__Aim of the task__
Starting with the line with "Weidenkranz ø25cm mit" in the entries below and going on through the line with "Exacompta 2506E 20x", output every line exactly and nothing more. No pictures.

__Supplied records__
══════════

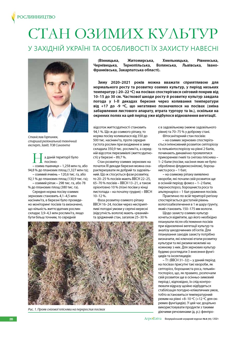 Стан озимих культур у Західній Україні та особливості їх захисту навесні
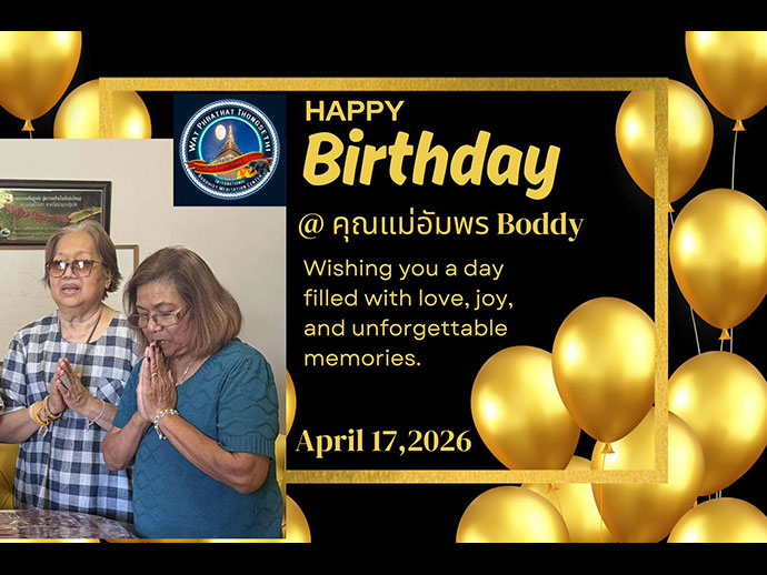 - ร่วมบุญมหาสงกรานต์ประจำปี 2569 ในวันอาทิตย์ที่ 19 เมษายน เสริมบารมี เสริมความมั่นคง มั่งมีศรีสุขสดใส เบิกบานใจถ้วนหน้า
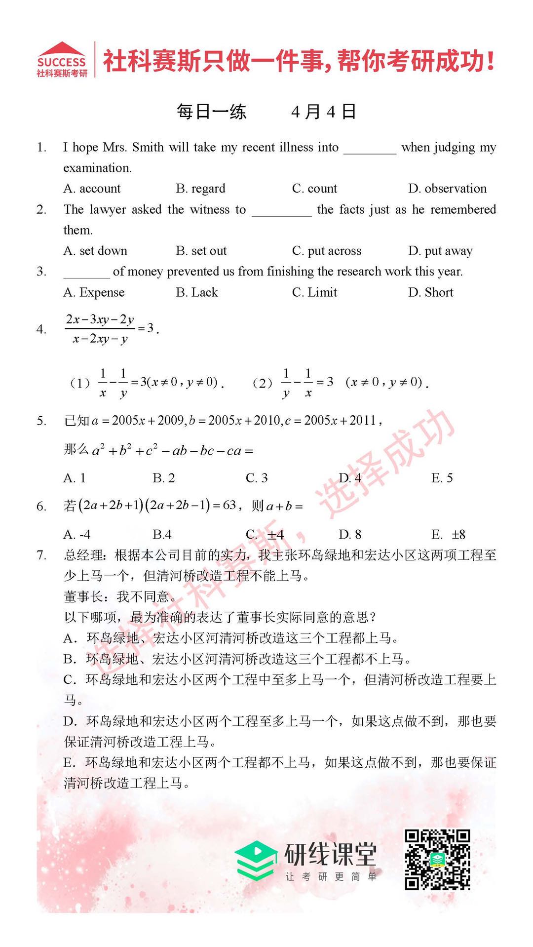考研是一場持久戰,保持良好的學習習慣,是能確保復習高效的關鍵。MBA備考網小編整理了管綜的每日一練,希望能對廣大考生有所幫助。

══════════

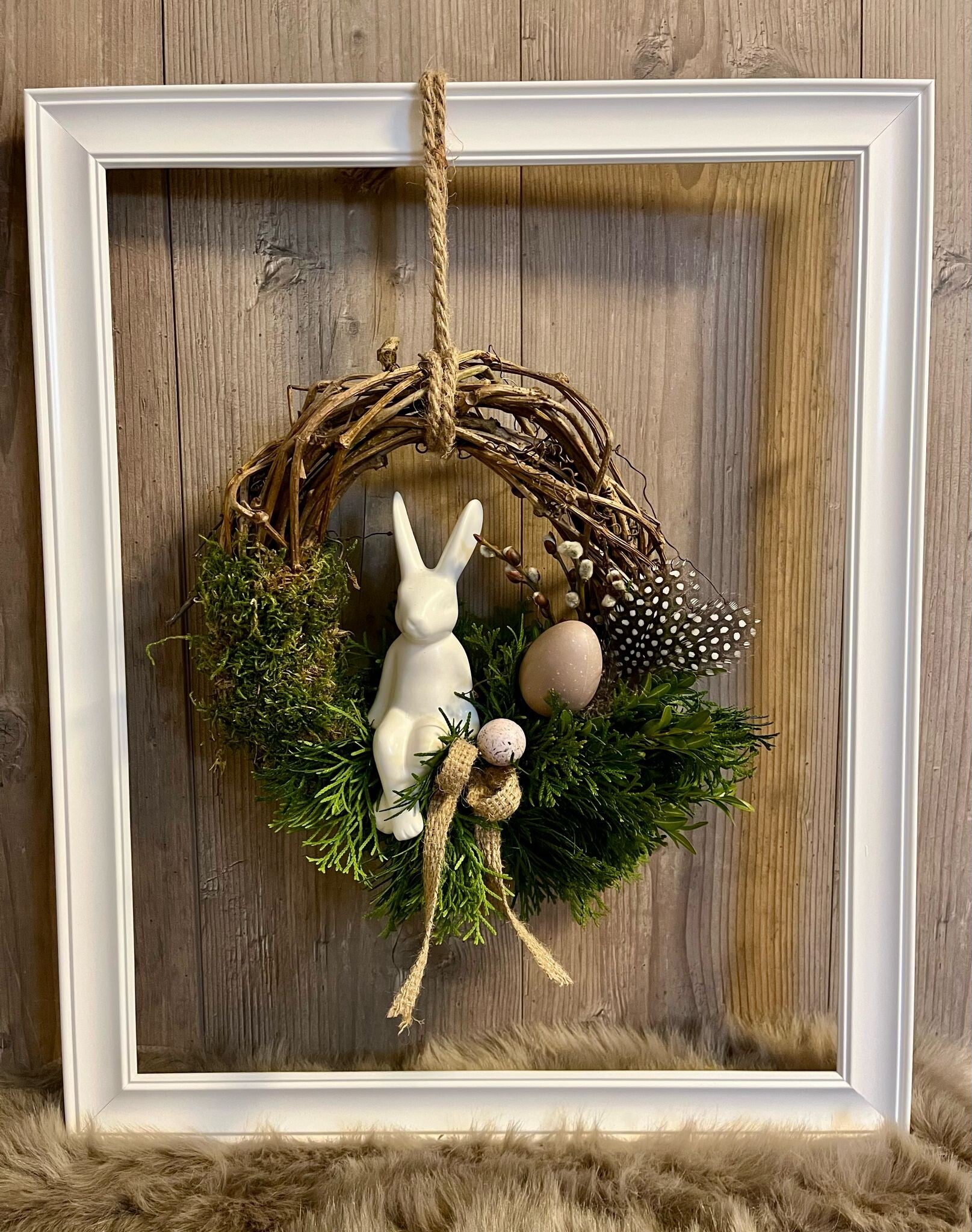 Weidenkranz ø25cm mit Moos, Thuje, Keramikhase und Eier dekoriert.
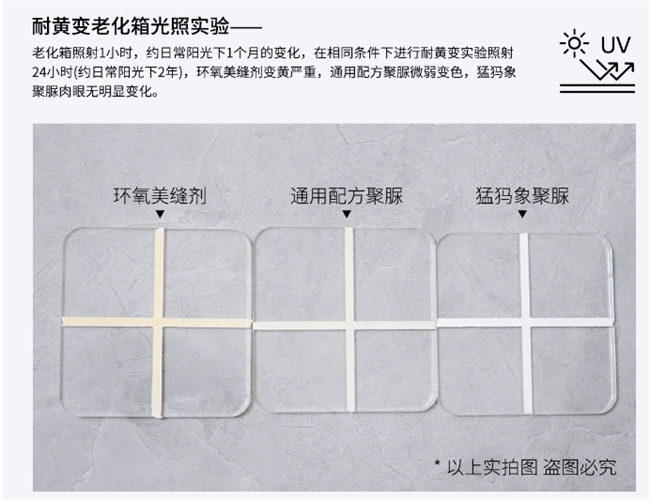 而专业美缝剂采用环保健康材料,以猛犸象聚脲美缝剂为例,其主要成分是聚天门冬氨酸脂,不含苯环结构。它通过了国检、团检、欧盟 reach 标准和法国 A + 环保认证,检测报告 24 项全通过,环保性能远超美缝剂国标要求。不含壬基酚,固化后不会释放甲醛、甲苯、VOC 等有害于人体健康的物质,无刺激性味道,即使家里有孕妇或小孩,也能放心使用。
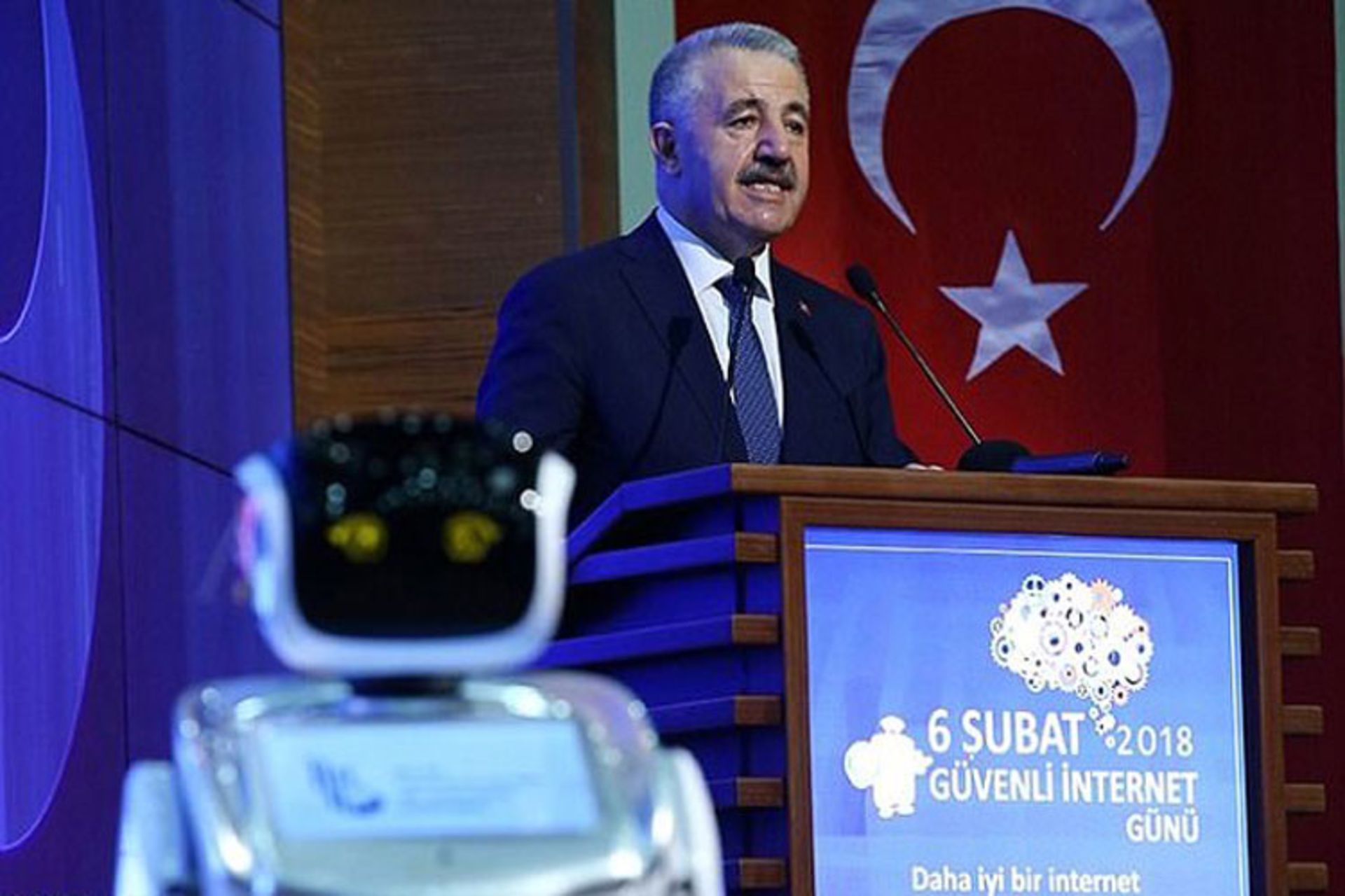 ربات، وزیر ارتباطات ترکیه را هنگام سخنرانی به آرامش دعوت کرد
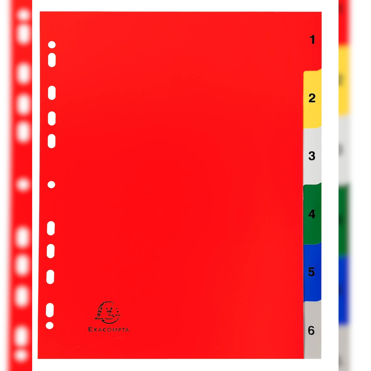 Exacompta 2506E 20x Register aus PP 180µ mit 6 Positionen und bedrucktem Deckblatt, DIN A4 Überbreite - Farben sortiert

══════════

__Result of this exercise__
 Weidenkranz ø25cm mit Moos, Thuje, Keramikhase und Eier dekoriert.
 而专业美缝剂采用环保健康材料,以猛犸象聚脲美缝剂为例,其主要成分是聚天门冬氨酸脂,不含苯环结构。它通过了国检、团检、欧盟 reach 标准和法国 A + 环保认证,检测报告 24 项全通过,环保性能远超美缝剂国标要求。不含壬基酚,固化后不会释放甲醛、甲苯、VOC 等有害于人体健康的物质,无刺激性味道,即使家里有孕妇或小孩,也能放心使用。
 ربات، وزیر ارتباطات ترکیه را هنگام سخنرانی به آرامش دعوت کرد
 Exacompta 2506E 20x Register aus PP 180µ mit 6 Positionen und bedrucktem Deckblatt, DIN A4 Überbreite - Farben sortiert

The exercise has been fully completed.